→ **Stored data**
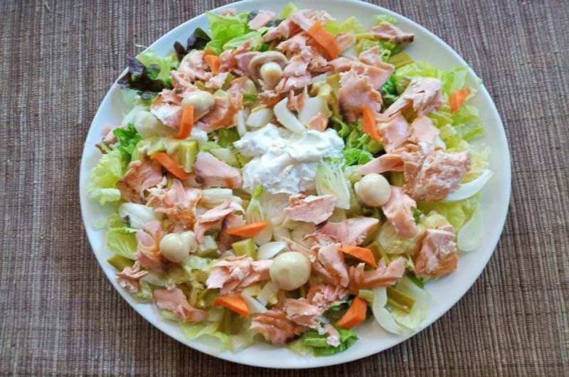 Scottare velocemente il salmone in una padella unta di burro e lasciarlo raffreddare. Accomodare l’insalata, il finocchio, la carota affettata, l’avocado tagliato a cubetti e i funghi in un piatto, lasciando un vuoto al centro dove porrete la salsa ottenuta mescolando tutti gli ingredienti che la compongono. Spezzettare sull’insalata il salmone e servire.
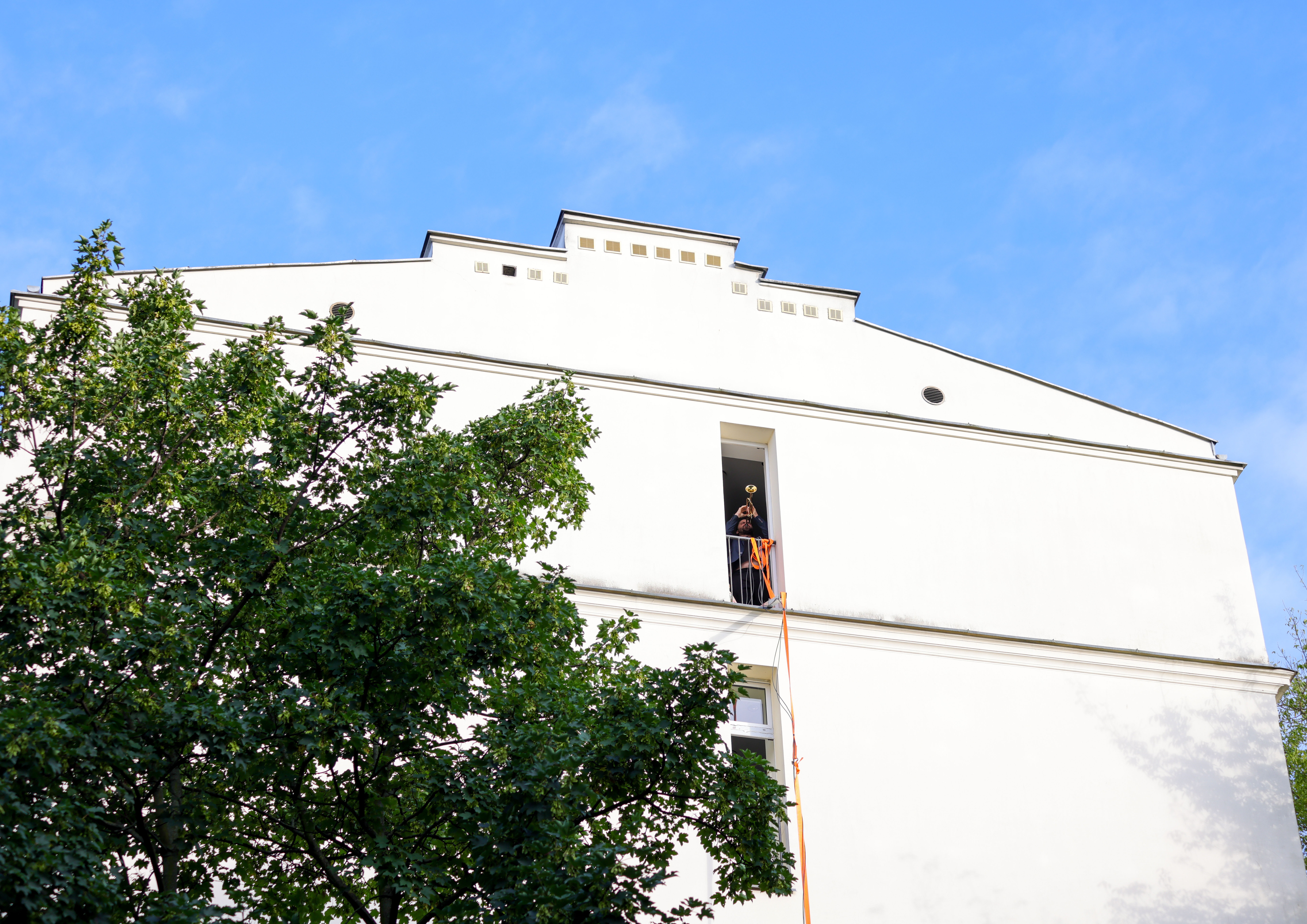 Wieczór rozpoczął się muzyką – zamiast tradycyjnego przecięcia wstęgi, ze słynnego mieszkania przy ul. Rozbrat popłynął hejnał zagrany przez Piotra Damasiewicza i Macieja Obarę. Ich improwizowane dźwięki wypełniły przestrzeń między oknami domu Stańki a nowo otwartym skwerem, łącząc symbolicznie te dwa miejsca – prywatne i publiczne, osobiste i wspólne.
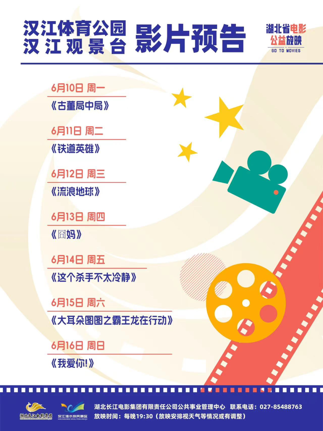 端午到 “粽”香飘! 在这个浓情的端午佳节 硚小布又带着快乐来“续约”啦! 和家人好友一起来到汉江边 硚口请你免费看电影! 本周露天电影片单上新,《古董局中局》《铁道英雄》《流浪地球》等精彩影片将在汉江湾观景平台、汉江湾桥桥墩放映,每晚19:30,记得来看哦~ 吹着凉爽的江风,看一场自带江景的电影 硚口邀您“粽”享光影好时光! 观影地址 1.古田四路汉江湾桥下七巧广场 由四明闸口进入 2.古田一路汉江湾观景平台 由汉江雅苑旁上堤路进入 7 > 查看全文

→ **Aim of the task**
Everything in the listing, except its images, should be set down exactly.

→ **Reply**
 Scottare velocemente il salmone in una padella unta di burro e lasciarlo raffreddare. Accomodare l’insalata, il finocchio, la carota affettata, l’avocado tagliato a cubetti e i funghi in un piatto, lasciando un vuoto al centro dove porrete la salsa ottenuta mescolando tutti gli ingredienti che la compongono. Spezzettare sull’insalata il salmone e servire.
 Wieczór rozpoczął się muzyką – zamiast tradycyjnego przecięcia wstęgi, ze słynnego mieszkania przy ul. Rozbrat popłynął hejnał zagrany przez Piotra Damasiewicza i Macieja Obarę. Ich improwizowane dźwięki wypełniły przestrzeń między oknami domu Stańki a nowo otwartym skwerem, łącząc symbolicznie te dwa miejsca – prywatne i publiczne, osobiste i wspólne.
 端午到 “粽”香飘! 在这个浓情的端午佳节 硚小布又带着快乐来“续约”啦! 和家人好友一起来到汉江边 硚口请你免费看电影! 本周露天电影片单上新,《古董局中局》《铁道英雄》《流浪地球》等精彩影片将在汉江湾观景平台、汉江湾桥桥墩放映,每晚19:30,记得来看哦~ 吹着凉爽的江风,看一场自带江景的电影 硚口邀您“粽”享光影好时光! 观影地址 1.古田四路汉江湾桥下七巧广场 由四明闸口进入 2.古田一路汉江湾观景平台 由汉江雅苑旁上堤路进入 7 > 查看全文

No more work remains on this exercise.